Posted 12/9/2013 12:00 am
On a chilly April night in 1865, a paddleboat called the Sultana was making its way up the Mississippi River toward St. Louis. It had begun its journey just six days before in New Orleans and was overcrowded with mostly Union soldiers, heading home to the north. Already during that historic month, events had occurred that would change the nation forever – The Civil War closing with Gen. Robert E. Lee’s surrender to Gen. Ulysses Grant on April 9 followed by President Lincoln’s assassination on April 14. On April 26, Lincoln’s assassin was killed inside a Virginia barnhouse. The next day, the Sultana paddleboat would meet its fate as the worst maritime disaster to happen within the United States.
The ship had just passed Memphis, Tenn., in the early hours of April 27 when one of its four boilers exploded, blowing victims into the chilly water or burning them alive. Many casualties who were pulled from the waters would be brought to Memphis hospitals, cared for in some cases by doctors who a month earlier had been enemies of war.
By dawn, the remains of the Sultana had burned and run aground on the west bank of the river, near present-day Marion. While the official death toll set by the U.S. Customs Service was 1,547, some estimates put the figure closer to 1,800 fatalities.
In 2011, Professor Louis Intres of Arkansas State University met with Marion Mayor Frank Fogelman and Diane McAdoo of the Marion Chamber of Commerce to discuss the idea of the city hosting an exhibition of Sultana artifacts. Intres and Gene Salecker, who had also collected items from the Sultana, decided to collaborate with the city for a March 2012 opening with more showings during the summer of 2013.

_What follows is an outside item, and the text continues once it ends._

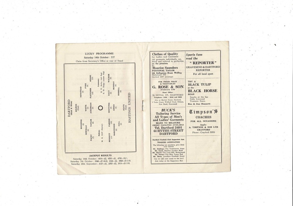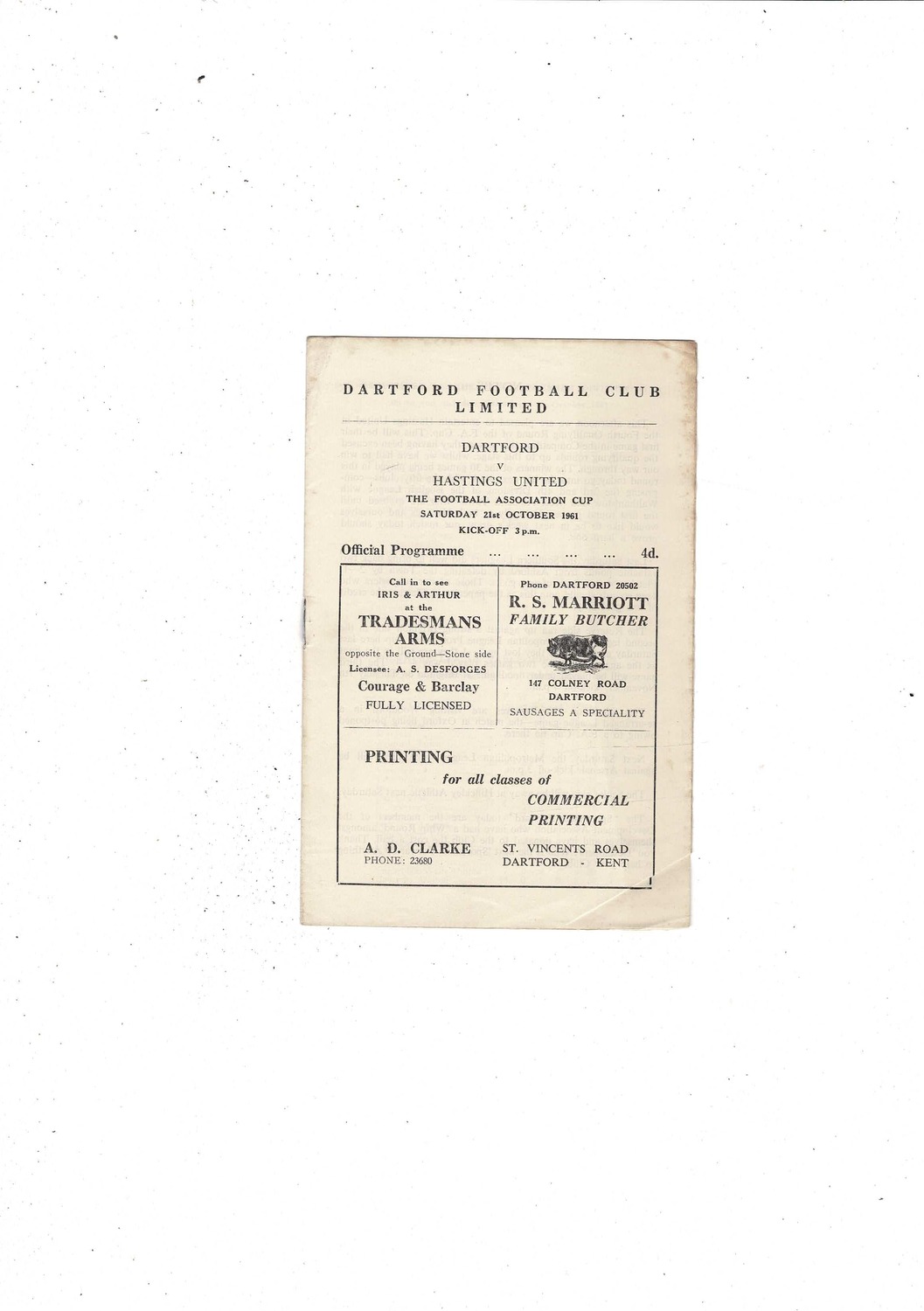 Dartford v Hastings United FA Cup Football Programme 1961/62
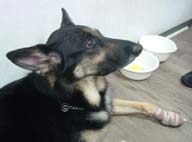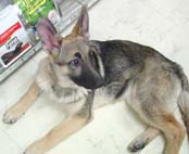 (2005年3月上旬) ★ムーちゃんが訓練所に入り5ヶ月が経とうとしています。勤務の忙しさで時折彼女の存在をふっと忘れてしまうことも有りましたが 約1名、シェパードの禁断症状に耐えられなくなり(社長です)とうとう代わりのシェパードをムーチャンを預けている訓練所から連れ てきてしまいました・・・。彼女の名前は「アイちゃん」競技会で優秀な成績を収めた事もあり、また父親もドイツの由緒ある血統のシ ェパードです。誰にでもフレンドリーで心優しい、まさにシェパ界のやまとなでしこ?しかしそんな彼女の弱点は・・・食い意地が非常 に強く食べても食べてもまだ足らない、挙げ句の果てには、ゴミ箱をあさり、盗み食い、怒れば隠れる・・・スタッフ一同「これがなけ れば完璧なのに・・・」とため息の日々が続きそうです。 ←シェパードのアイちゃん。ムーちゃんの座を奪う!? |

The first daunting task for Marion officials was to find a secure location where the one-of-a-kind artifacts would be safe. The business community stepped up in a variety of ways.
After an ideal location was donated by the Singer Family, the city proceeded with making the premises safer by installing a security system given by Bass Security and having the Marion Police Department station their Eye In the The Sky, a portable camera, to monitor the site 24 hours a day.
Time was limited between getting approval to show the exhibit and when it was scheduled to open. The city prepared the inside of the building to become a museum. Mud Island River Park in Memphis donated display cases for the artifacts. Banners were made, billboards were put up, posters were created and brochures were distributed. Newspapers around the region published articles about the exhibit. The Advertising & Promotions Committee set a generous budget for getting the word out.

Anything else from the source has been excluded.